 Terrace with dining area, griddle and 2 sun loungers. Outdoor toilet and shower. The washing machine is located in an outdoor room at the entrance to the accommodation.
--------
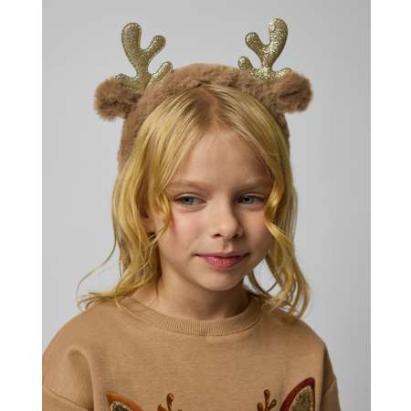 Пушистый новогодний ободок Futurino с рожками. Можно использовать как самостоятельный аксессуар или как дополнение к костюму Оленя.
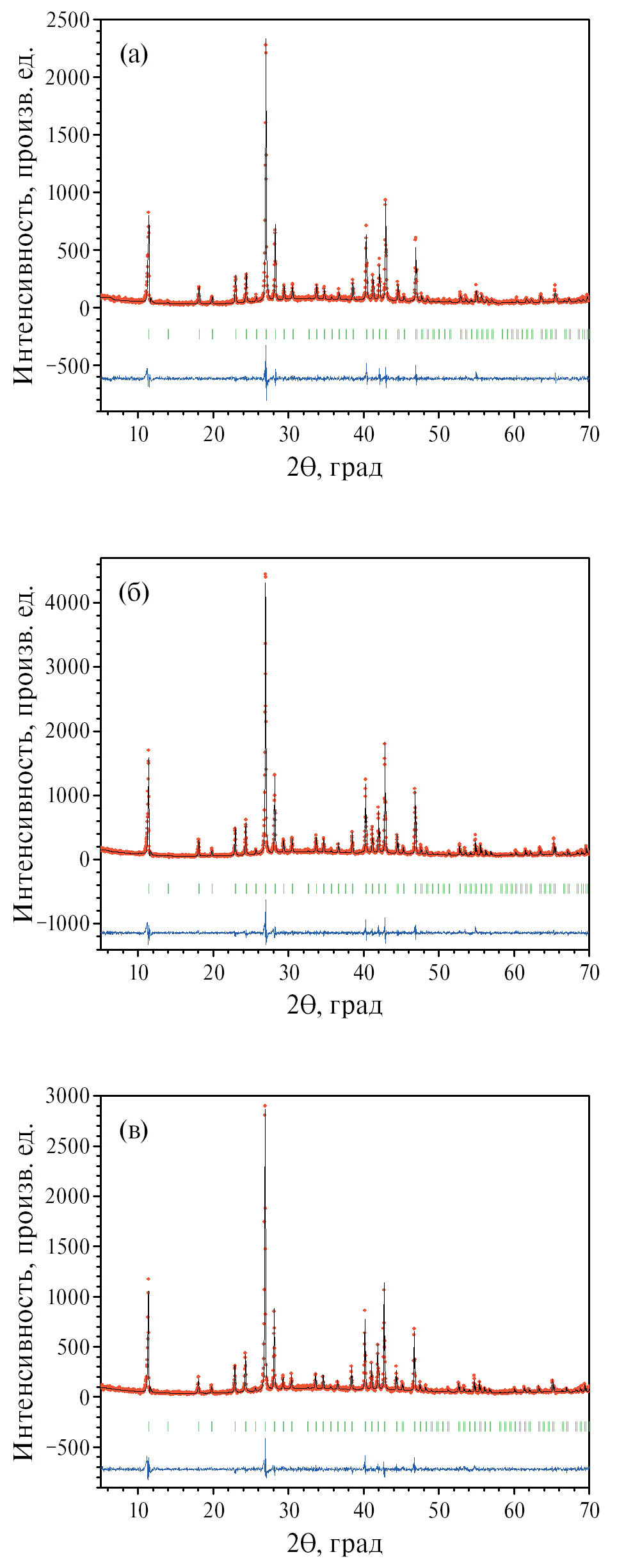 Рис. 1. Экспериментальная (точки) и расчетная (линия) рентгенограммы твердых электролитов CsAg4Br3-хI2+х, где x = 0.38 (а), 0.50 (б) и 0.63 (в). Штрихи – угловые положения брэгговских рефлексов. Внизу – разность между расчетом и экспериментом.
--------
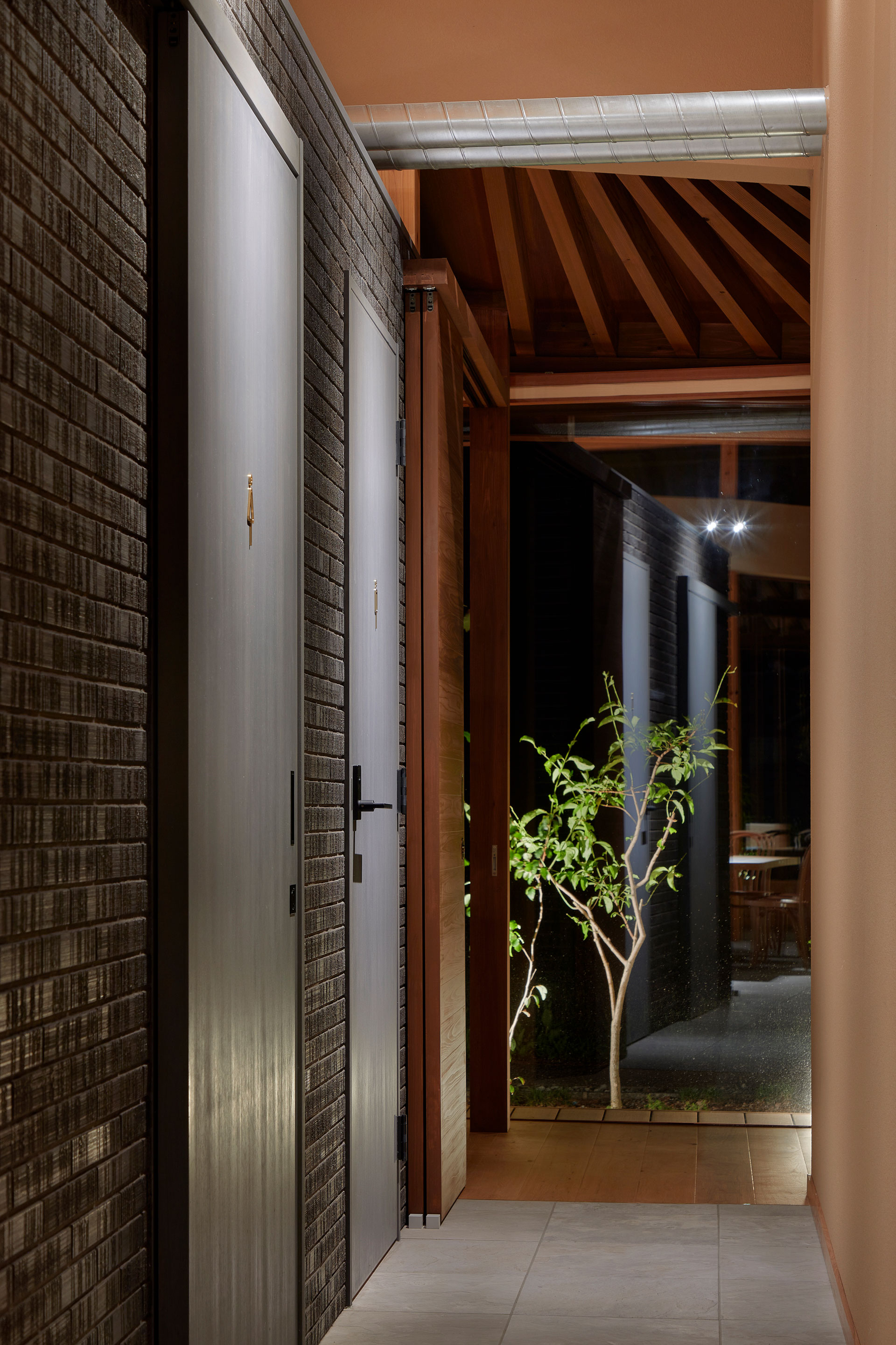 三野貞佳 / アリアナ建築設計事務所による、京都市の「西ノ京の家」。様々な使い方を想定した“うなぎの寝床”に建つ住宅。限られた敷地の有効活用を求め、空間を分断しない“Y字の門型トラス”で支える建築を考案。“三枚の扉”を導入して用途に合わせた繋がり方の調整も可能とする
--------
EXERCISE: Exact copy, pictures excluded: every line above from the one containing "Пушистый новогодний ободок" to the one containing "Рис. 1. Экспериментальная", inclusive, and nothing more.

REPLY:
 Пушистый новогодний ободок Futurino с рожками. Можно использовать как самостоятельный аксессуар или как дополнение к костюму Оленя.
 Рис. 1. Экспериментальная (точки) и расчетная (линия) рентгенограммы твердых электролитов CsAg4Br3-хI2+х, где x = 0.38 (а), 0.50 (б) и 0.63 (в). Штрихи – угловые положения брэгговских рефлексов. Внизу – разность между расчетом и экспериментом.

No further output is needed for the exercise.